The Display tab exposes complementary diagnostics:
- Fit line shows the curve calculated from the current fitted solution.
- Residuals show the difference between each included observation and the fitted curve.
- Error bars show the processing-derived integration uncertainty.
- Confidence band shows uncertainty around the fitted curve when the solution contains suitable resampling results.
- Excluded points shows injections that do not contribute to the current fit.
These displays describe different aspects of the fitted solution. A small RMSD does not rule out systematic residual structure, poorly identified parameters, or dependence on model assumptions.
Store the fitted solution
With Create analysis result disabled, a successful single-experiment solution remains attached to its Experiment Data and is available in that experiment's analysis and figure workflows.
With Create analysis result enabled, a usable completed fit also creates a separate Analysis Result containing the experiment, model, fit settings, and solution.

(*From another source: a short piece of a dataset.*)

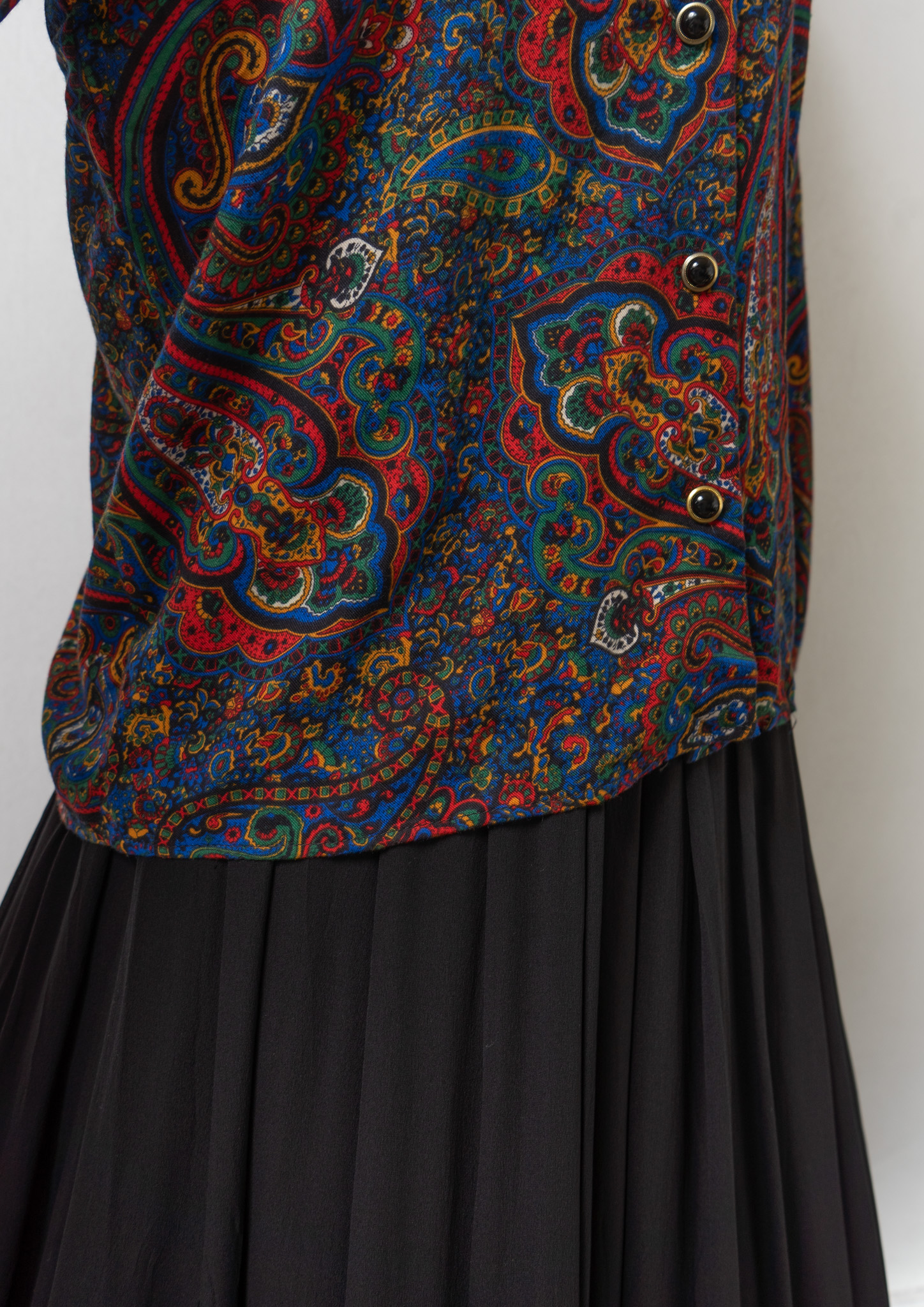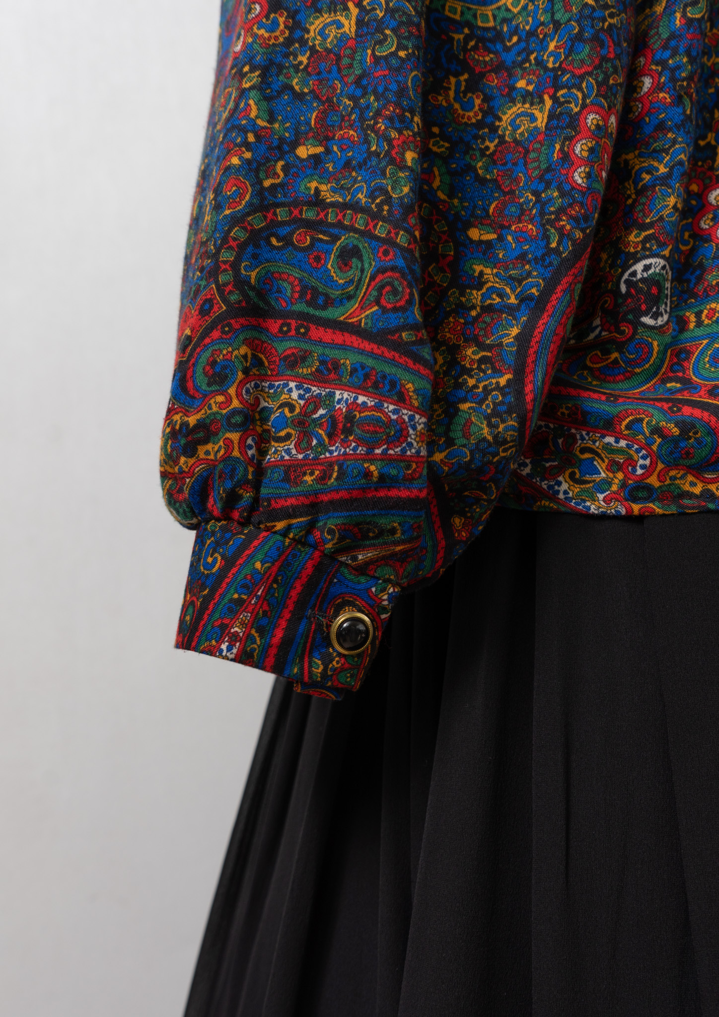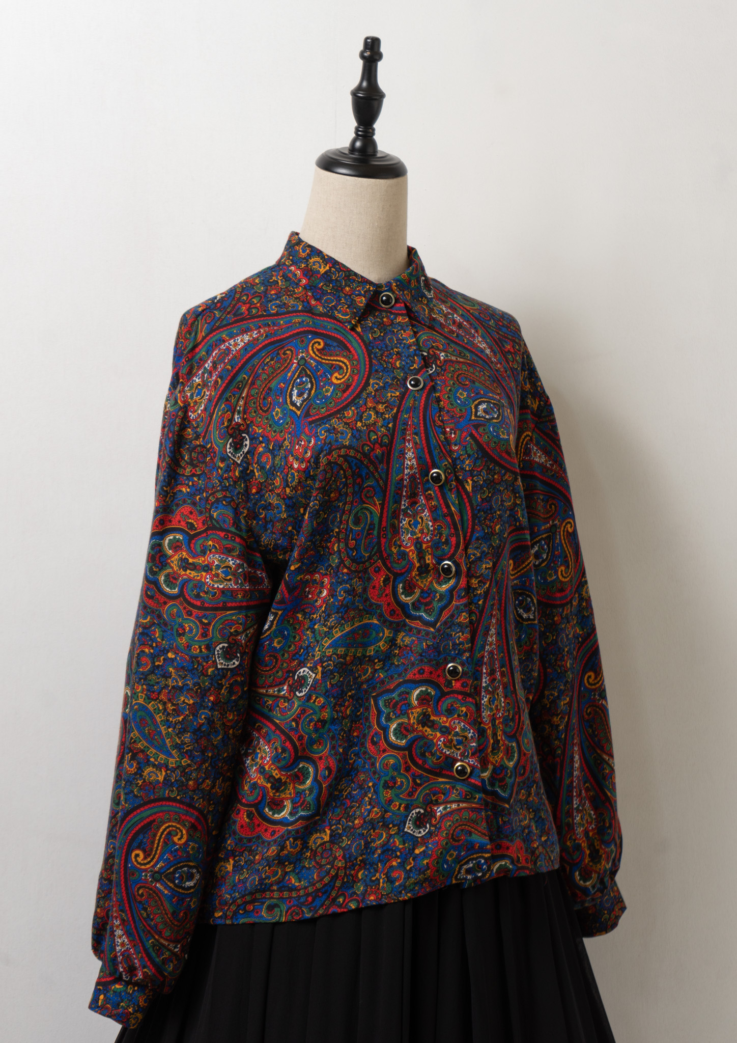 80's LESLIE FAY Paisley Pattern Double Pocket Design Blouse

Auto-open new result determines whether the new result workspace opens immediately. A stopped or unusable fit does not create or replace an Analysis Result.
Fit availability and non-convergence
A single-experiment analysis requires processed or imported heats and at least three included injections with usable numerical values. The binding models also require nonzero cell and syringe concentrations. Dissociation uses the syringe concentration and does not require a macromolecule concentration in the initially buffered cell.
An unavailable model, failed termination, bound-limited solution, or failed resampling population can reflect missing or degenerate heat and concentration information, the supplied starting values, the selected limit policy, the optimizer's interaction with the fitting surface, model complexity, or weak parameter identifiability. Resampling can fail even when the primary fit succeeds because each refit presents a different or reduced dataset to the same model.